Feb 11, 2013

Pope Benedict XVI Resigns

Crossposted from Reflections Journal.

Buy at Art.comWrote His Holiness Pope Benedict XVI:

Dear Brothers,

I have convoked you to this Consistory, not only for the three canonizations, but also to communicate to you a decision of great importance for the life of the Church. After having repeatedly examined my conscience before God, I have come to the certainty that my strengths, due to an advanced age, are no longer suited to an adequate exercise of the Petrine ministry. I am well aware that this ministry, due to its essential spiritual nature, must be carried out not only with words and deeds, but no less with prayer and suffering. However, in today's world, subject to so many rapid changes and shaken by questions of deep relevance for the life of faith, in order to govern the bark of Saint Peter and proclaim the Gospel, both strength of mind and body are necessary, strength which in the last few months, has deteriorated in me to the extent that I have had to recognize my incapacity to adequately fulfill the ministry entrusted to me. For this reason, and well aware of the seriousness of this act, with full freedom I declare that I renounce the ministry of Bishop of Rome, Successor of Saint Peter, entrusted to me by the Cardinals on 19 April 2005, in such a way, that as from 28 February 2013, at 20:00 hours, the See of Rome, the See of Saint Peter, will be vacant and a Conclave to elect the new Supreme Pontiff will have to be convoked by those whose competence it is.

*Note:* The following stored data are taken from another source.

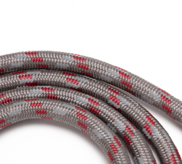 The SP Rope Lead, designed in Japan, is a durable braided leash with a metal clip and neoprene-covered seams. Its thickness varies by size to provide secure handling for different dog weights.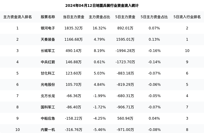 从主力资金流向来看,地面兵装行业今日主力资金流入2.26亿元,在所有申万二级行业中排名:121/131。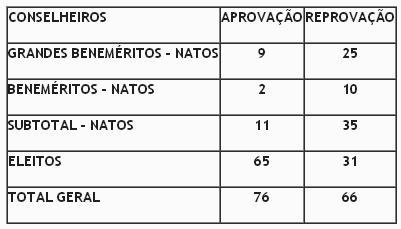 Os 142 componentes do Conselho Deliberativo que compareceram e votaram na reunião, estão assim divididos: 46 Natos e 96 Eleitos.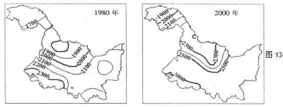 材料二:图13是1980年和2000年黑龙江省积温(℃)等值线分布示意图。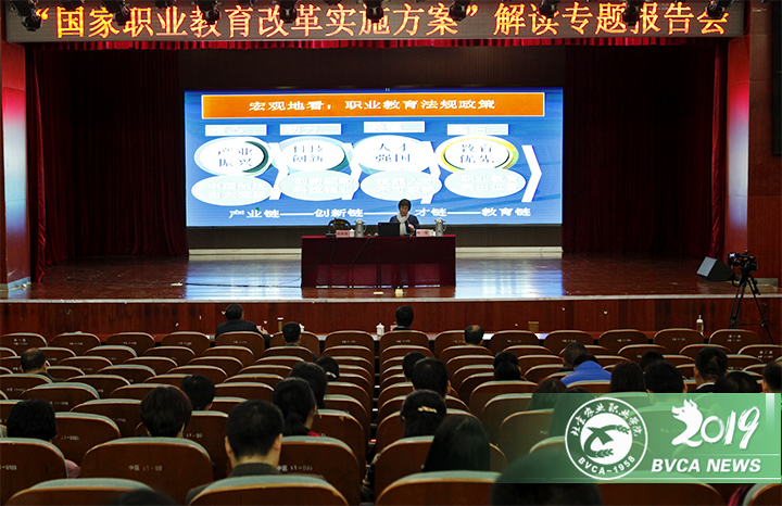 4月19日,清華大學聯合博士生導師,國家教育行政學院學術委員會主任、職業教育研究中心主任邢暉教授應邀來學院作題為《高等職業教育新號角、新行動》——《國家職業教育改革實施方案》解讀報告會。黨委副書記杜保德主持報告會,學院教職員工近800人參會。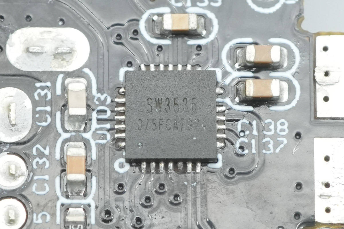 USB-C3和USB-A口的降压协议芯片采用智融科技SW3536,这是一款高集成度的多快充协议双口充电芯片,支持USB-A+USB-C双口快充输出,支持双口独立限流。内部集成了7A高效率同步降压变换器,支持PPS/PD/QC/AFC/FCP/SCP/PE/SFCP/TFCP等多种快充协议,最大支持140W输出功率。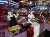 Питание - очень бестолковая организация: постоянные очереди, нехватка приборов, и мест просто хотя бы для принятия пищи. Мяса не было ни разу (только курица и индейка), да пару раз костлявая рыба. Более-менее - в турецкую ночь по понедельникам... А так обычная еда с поправкой на типичную турецкую 4*. Еда адаптирована для россиян. Никакого детского стола, как заявляют, нет. Есть пара старых хамоватых официантов, которые могут послать... за вилкой на первой этаж, ибо у него тут закончились. Либо налить в пластиковый стаканчик....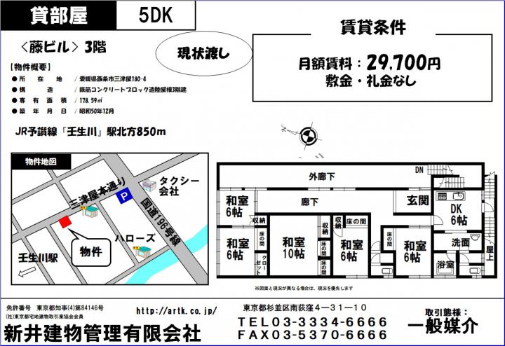 | 物件名 | 西条市三津屋180-4 藤ビル3F 29700円 |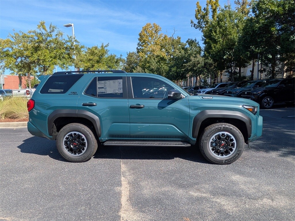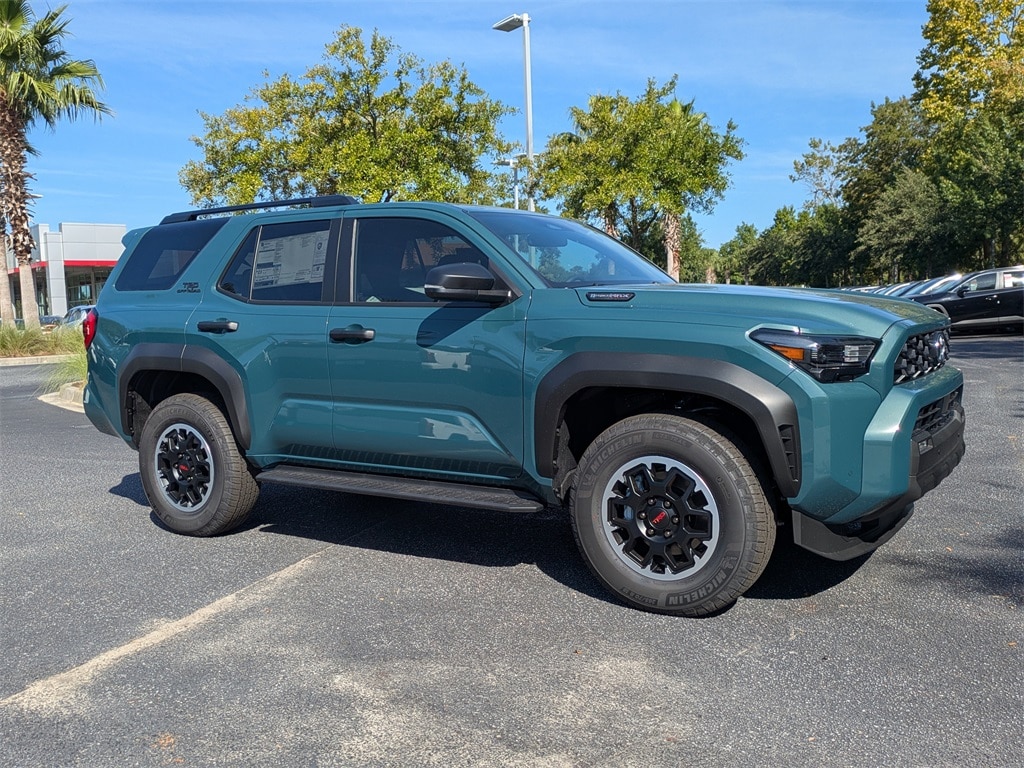 - Black honeycomb-style grille, mirror caps, door handles, and overfenders color-keyed rear spoiler black 'TRD OFF ROAD' and '4RUNNER' badges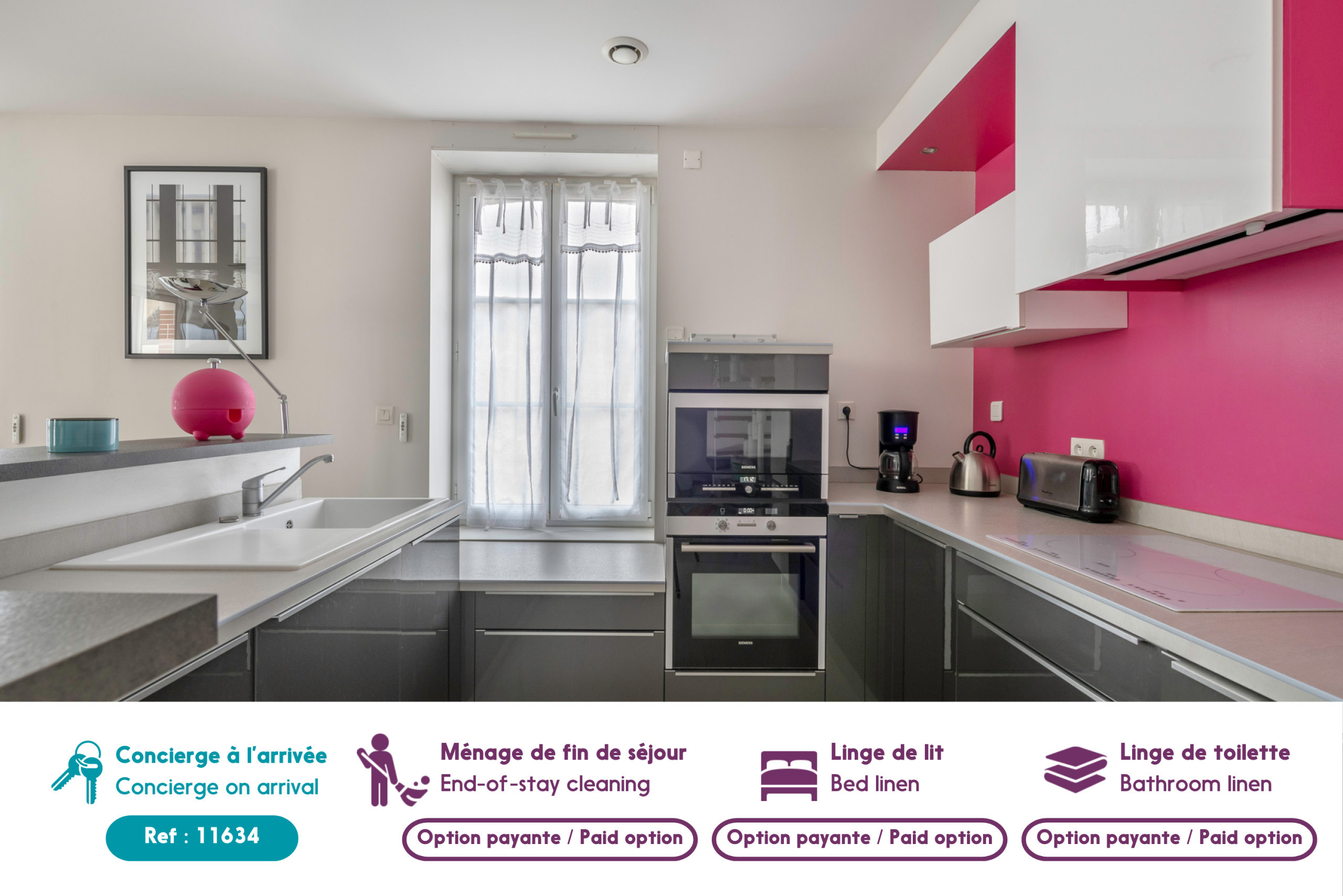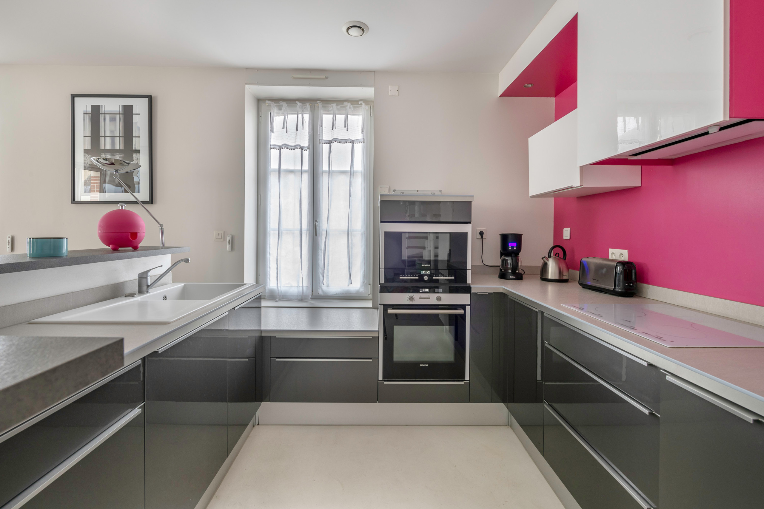 The living area is brightened by colorful touches, the grey kitchen with a pink wall background is modern and very well equipped: induction hobs, refrigerator, microwave, oven, freezer, dishwasher, coffee maker and toaster. The latter is open to the dining room, where you can share convivial moments around good meals. Finally, you will find a cosy living room; its coral sofa brings a touch of cheerfulness. This space is ideal for a TV moment or chatting over a cup of coffee.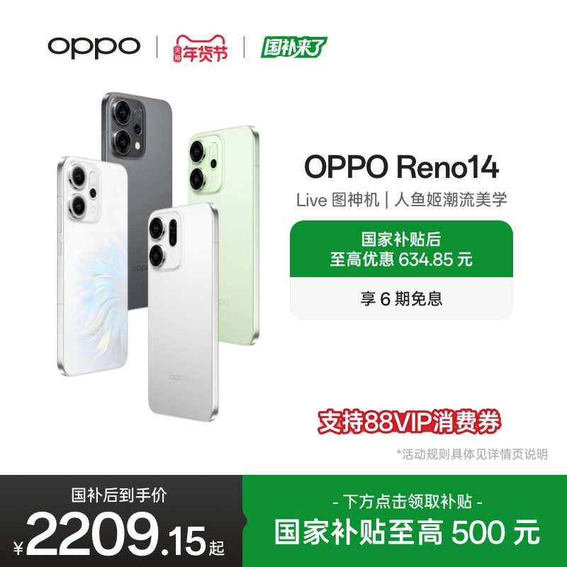 OPPO Reno14 AI智能手机学生拍照国家补贴手机高清长焦实况照片 IP69 满级防水oppo官方旗舰店

Dear Brothers, I thank you most sincerely for all the love and work with which you have supported me in my ministry and I ask pardon for all my defects. And now, let us entrust the Holy Church to the care of Our Supreme Pastor, Our Lord Jesus Christ, and implore his holy Mother Mary, so that she may assist the Cardinal Fathers with her maternal solicitude, in electing a new Supreme Pontiff. With regard to myself, I wish to also devotedly serve the Holy Church of God in the future through a life dedicated to prayer.

From the Vatican, 10 February 2013


Well. I'm stunned.

I think it goes without saying that it is highly unusual for a pope to resign due to health concerns. It's  especially baffling after having witnessed the final years of Pope John Paul II. Popes resign for political reasons. The last such resignation took place just shy of 600 years ago. And that was to reunify a divided Church.

The last pope to resign was Gregory XII in 1415. He did so to end a civil war within the church in which more than one man claimed to be pope.

There's only been a handful of resignations and most are shrouded in the mystery of time. Here's a rundown. I can't help noticing that one of them was Pope Benedict IX who was paid to resign in the wake of an outrageously scandalous reign.

So, is anybody buying this? Call me cynical, but I'm just not. In fairness, he did apparently foreshadow the possibility in 2010. He seems relatively spry to me, and appears to still have all his buttons, but who knows. Could be things we just don't know, as yet. Obviously the other stock excuse for political resignation -- wanting to spend more time with the family -- wasn't gonna fly.

While I eagerly await more details to dribble out of the increasingly porous Vatican, I can't help thinking about where this puts us in terms of prophecies that have already demonstrated themselves to be tantalizingly accurate. Pope Benedict, himself, ominously alluded to the Fatima prophecy, when he linked the suffering of the Church with its own self-inflicted wounds -- the mishandling of the sex abuse crisis -- and called for penitence.

According to the prevailing interpretation of St. Malachy's Prophecy, this is the second to last pope, so his premature departure is even more shocking. What strikes me this morning, looking at the timeline, is the freestanding line between the second to the last and the last pope.

In the extreme persecution of the Holy Roman Church, there will sit.

That's a little on the nose.

And then, under Peter the Roman, who will be the next pope under this interpretation, Rome, the city of seven hills, is destroyed in the final judgment -- some say of the Church, some say of the world.

Just a reminder, the word apocalypse means, revealing what is hidden.